ASSIGNED TASK => This task asks for the lines from the one with "Om inte, väljer" to the final line below, repeated exactly, with pictures omitted.

--- START ---

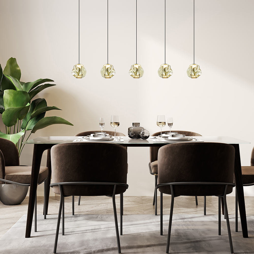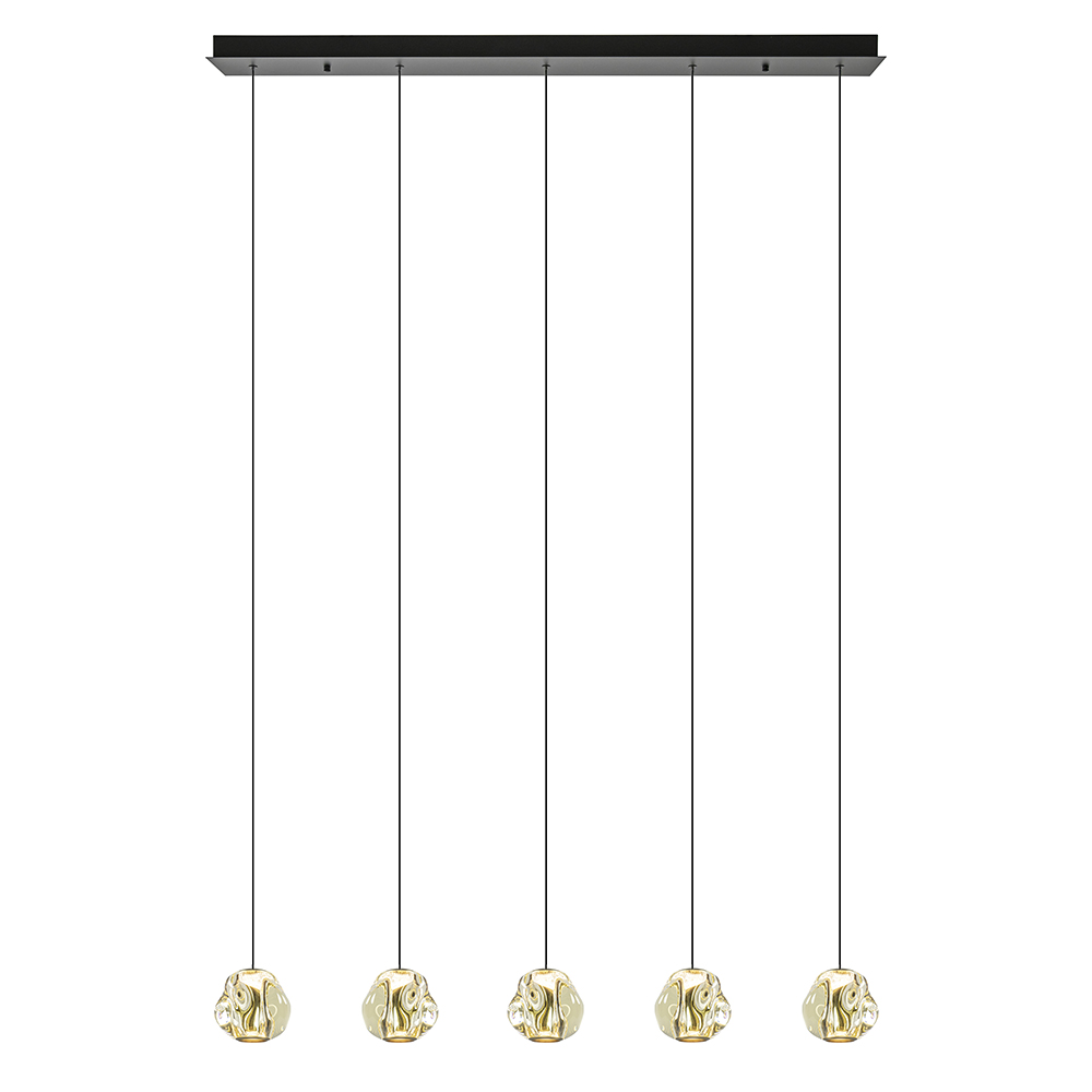Een prachtige stijlvolle 5-lichts hanglamp die de eetkamer elegant verrijkt. De LED hanglamp heeft organische kappen van glas in de kleur amber. Dit is gecombineerd met metalen details in het mat zwart en brushed gold. De samenstelling geeft een glamoureuze uitstraling aan de lamp. De kappen zijn van binnen voorzien van geïntegreerd LED en verspreiden mooi en sfeervol warm wit licht naar beneden. Zo wordt de tafel onder de lamp goed uitgelicht. Dit is dimbaar middels een externe dimmer (exclusief). De 5-lichts eettafelhanglamp is gemakkelijk in hoogte te verstellen en heeft een maximale hoogte van 165 cm.
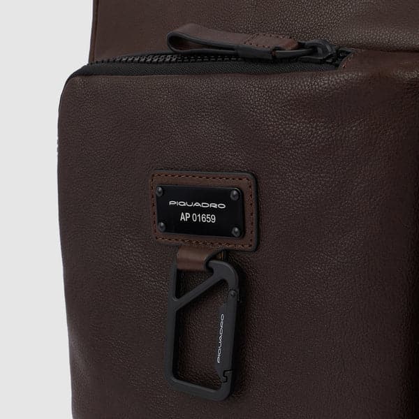 Realizzata interamente in pelle bovina pieno fiore conciata e tinta in botte, dalla mano morbida e dalla grana leggera e non uniforme. I dettagli come il logo micro iniettato, la placchetta in metallo nero con il numero di serie, il distintivo gancio frontale e le cerniere nere, rendono questa linea informale e giovanile.
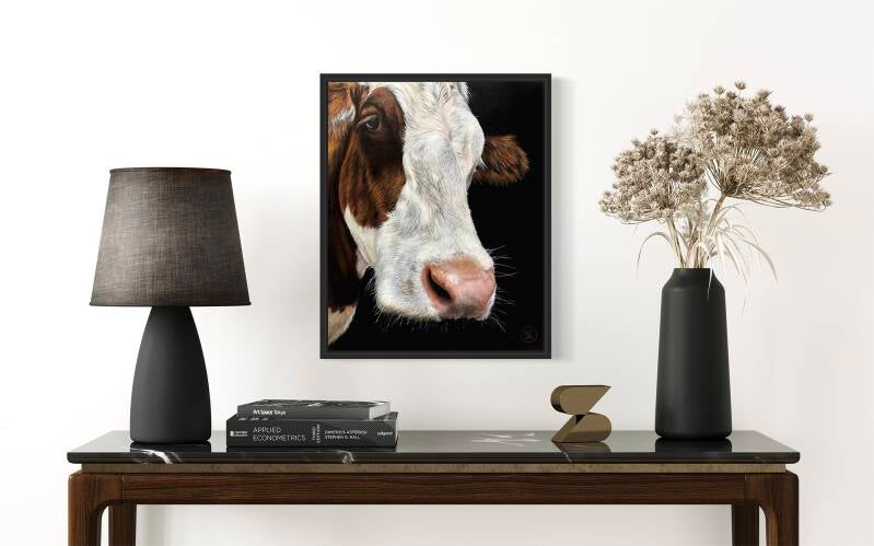 Elke penseelstreek weerspiegelt de tijd en aandacht die ik heb besteed aan het vangen van de essentie van deze koe. De glinsterende druppels op haar natte snoet en de levensechte details maken dit schilderij tot een opvallend en realistisch kunstwerk.
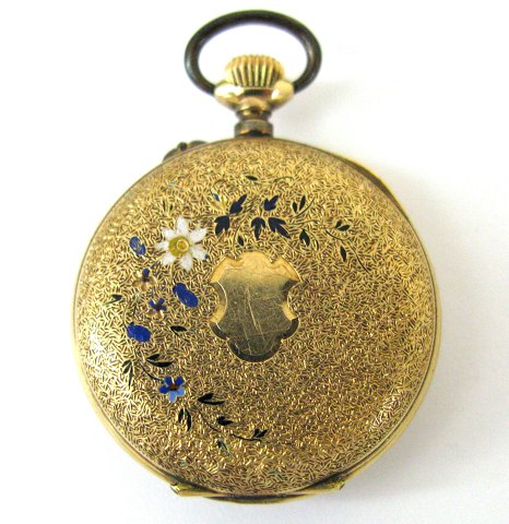 Schweizisk damelommeur i dekoreret urkasse og med bagkapsel af 14 kt. guld. Emailleskive med romertal og minutindikation i arabertal. Urkasse diameter 32 mm., vægt 24 gr.
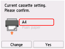 Om inte, väljer du Byt (Change) för att ändra inställningen utifrån storleken på det påfyllda papperet.
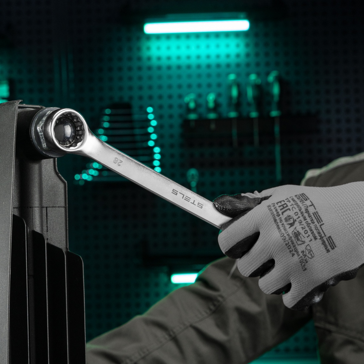 Купить Ключ комбинированный, 28 мм, CrV, матовый хром Stels V2441 по лучшей цене с доставкой - интернет магазин №1 в России
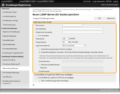 Das Speichern eines LDAP-Servers erfolgt nach Speichern für die Suche und nach Speichern für die Authentisierung getrennt. Wenn Sie einen LDAP-Server für die Suche von Fax- und E-Mail-Empfängern verwenden möchten, speichern Sie ihn für die Suche, und wenn Sie ihn für die Authentisierung des Sendens von Faxen oder Scans verwenden möchten, speichern Sie ihn für die Authentisierung.
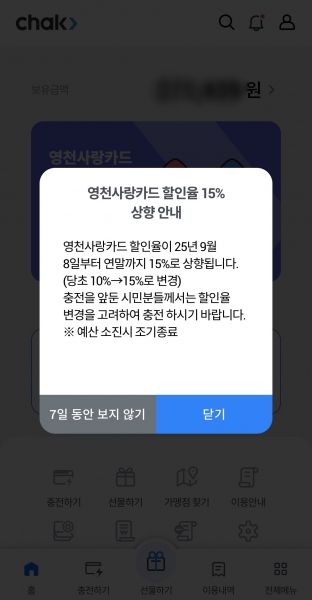 최기문 영천시장은 “이번 할인율 상향으로 시민들의 생활비 절감과 소상공인 매출 증대에 기여할 것으로 기대한다”며 “영천사랑상품권 구매를 통해 우리 지역 상권을 함께 살리는 데 적극 동참해주시길 바란다”고 전했다.
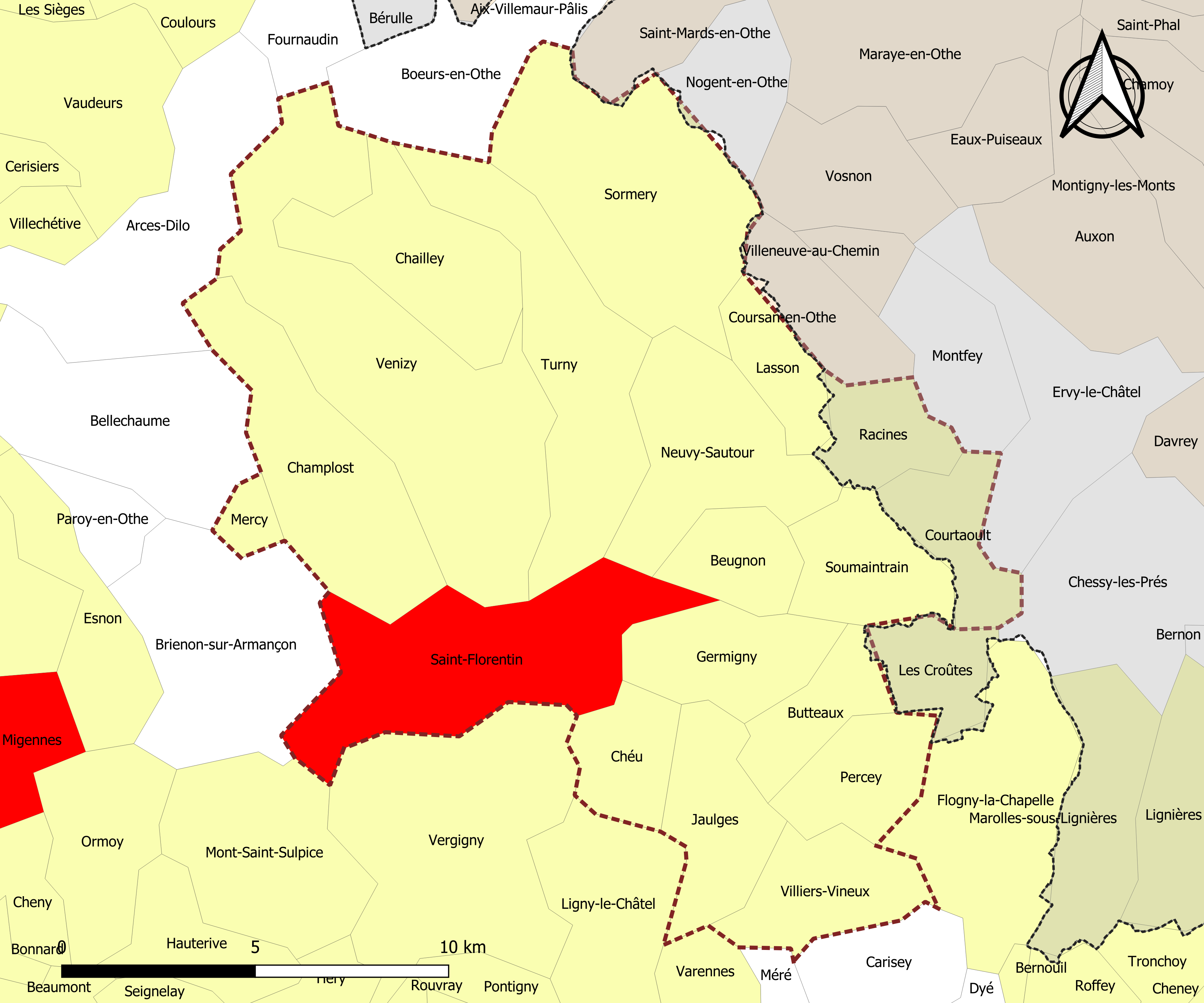 Français : Carte de l'aire d'attraction de Saint-Florentin dans le département de l'Yonne (France). Zonage 2020 - Découpage communal au 1er janvier 2020. |

--- END ---

ANSWER TO THIS TASK =>
 Om inte, väljer du Byt (Change) för att ändra inställningen utifrån storleken på det påfyllda papperet.
 Купить Ключ комбинированный, 28 мм, CrV, матовый хром Stels V2441 по лучшей цене с доставкой - интернет магазин №1 в России
 Das Speichern eines LDAP-Servers erfolgt nach Speichern für die Suche und nach Speichern für die Authentisierung getrennt. Wenn Sie einen LDAP-Server für die Suche von Fax- und E-Mail-Empfängern verwenden möchten, speichern Sie ihn für die Suche, und wenn Sie ihn für die Authentisierung des Sendens von Faxen oder Scans verwenden möchten, speichern Sie ihn für die Authentisierung.
 최기문 영천시장은 “이번 할인율 상향으로 시민들의 생활비 절감과 소상공인 매출 증대에 기여할 것으로 기대한다”며 “영천사랑상품권 구매를 통해 우리 지역 상권을 함께 살리는 데 적극 동참해주시길 바란다”고 전했다.
 Français : Carte de l'aire d'attraction de Saint-Florentin dans le département de l'Yonne (France). Zonage 2020 - Découpage communal au 1er janvier 2020. |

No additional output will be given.